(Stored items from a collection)
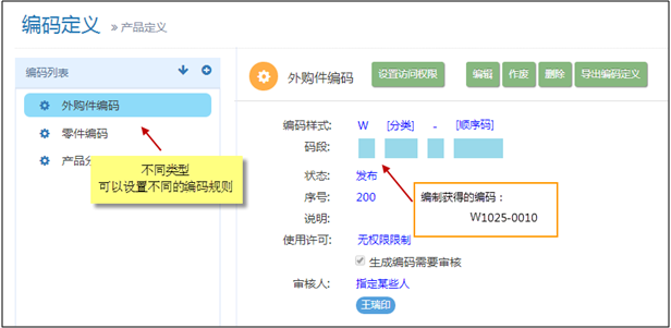 編碼定義即編碼規(guī)則定義,在該功能中可以定義某種編碼的組成規(guī)則,編碼由各種類型的碼段組成,碼段有長(zhǎng)度和顯示順序及相互之間的關(guān)系。在編碼定義中可以設(shè)置編碼由哪些碼段組成?確定碼段的順序、碼段的長(zhǎng)度、碼段之間的關(guān)系等信息,設(shè)置編碼的允許使用范圍,比如設(shè)置某一個(gè)編碼只允許某些人員、角色、部門能使用,也可以設(shè)置在申請(qǐng)編碼時(shí)是否需要有人審核,由誰(shuí)審核? 可以有效對(duì)編碼的使用進(jìn)行管理。
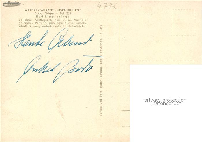 73705637 Bad Lippspringe Waldrestaurant Fischerhuette Eingang Terrasse und Teich postalisch nicht gelaufen Erhaltung siehe scans [LiesaD40] KatCode: 11110005774008
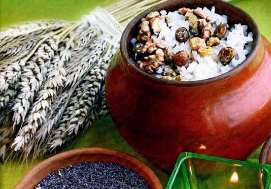 — В готовую пшеницу добавляем мак, растопленный мед, изюм и измельченные грецкие орехи.
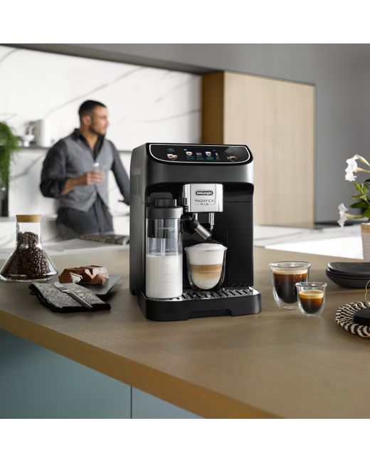 Simplify your morning routine with the Magnifica Plus coffee machine from De'Longhi. The full touch colour display lets you quickly choose from 15 hot and cold beverages, and offers full personalisation of your favourite drinks with up to four user profiles. And with the Italian label's LatteCrema Hot technology, you can customise your coffee even further through dense, creamy or light milk foam textures.
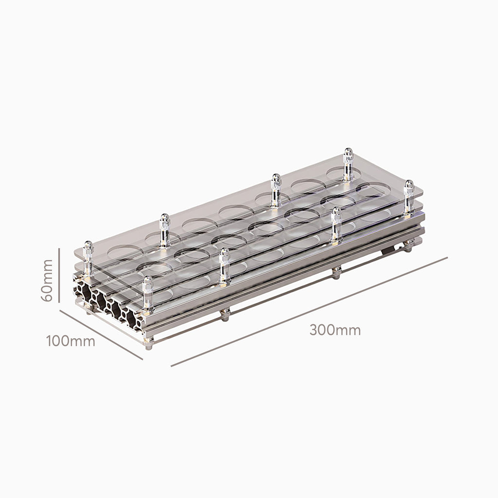 Quality was a priority here. The base and caps are crafted from aluminum alloy, the structural components use 304 stainless steel, and the tubes themselves are made from UV-blocking acrylic. Together these materials deliver durability, corrosion resistance, and light protection. The base weighs approximately 1.87 lbs (850g), giving it solid countertop stability without feeling bulky.
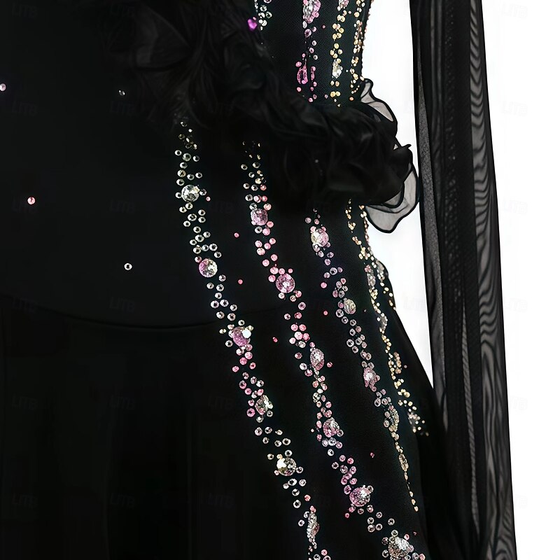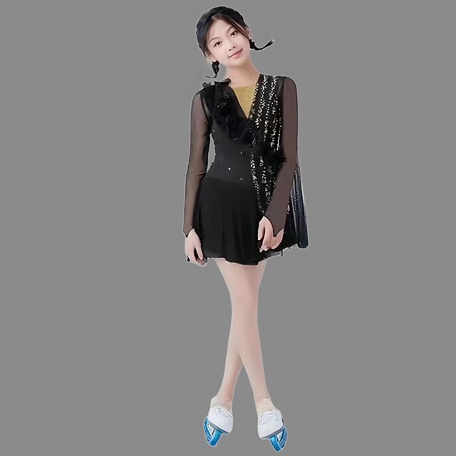 More information about Figure Skating Dress Women's Girls' Ice Skating Dress Black Patchwork Thumbhole Mesh Spandex Stretchy Training Practice Professional Skating Wear Thermal Warm Classic Crystal / Rhinestone Long Sleeve
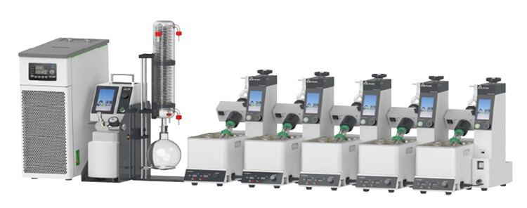 陣列旋轉蒸發(fā)儀 陣列旋轉蒸發(fā)儀可以搭載六個 mini 旋轉蒸發(fā)儀單元,既可以滿足同時使用,也支持獨立操作,可以獨立 的進行溫度設置、轉速調整、釋放真空等操作,不干擾其他旋轉蒸發(fā)儀單元的正常工作。

§ **ABOUT THIS EXERCISE**
Quote exactly, and nothing besides, the lines from the one with "More information about" through the end of the records above; include both ends and omit the pictures.

§ **RESPONSE AREA**
 More information about Figure Skating Dress Women's Girls' Ice Skating Dress Black Patchwork Thumbhole Mesh Spandex Stretchy Training Practice Professional Skating Wear Thermal Warm Classic Crystal / Rhinestone Long Sleeve
 陣列旋轉蒸發(fā)儀 陣列旋轉蒸發(fā)儀可以搭載六個 mini 旋轉蒸發(fā)儀單元,既可以滿足同時使用,也支持獨立操作,可以獨立 的進行溫度設置、轉速調整、釋放真空等操作,不干擾其他旋轉蒸發(fā)儀單元的正常工作。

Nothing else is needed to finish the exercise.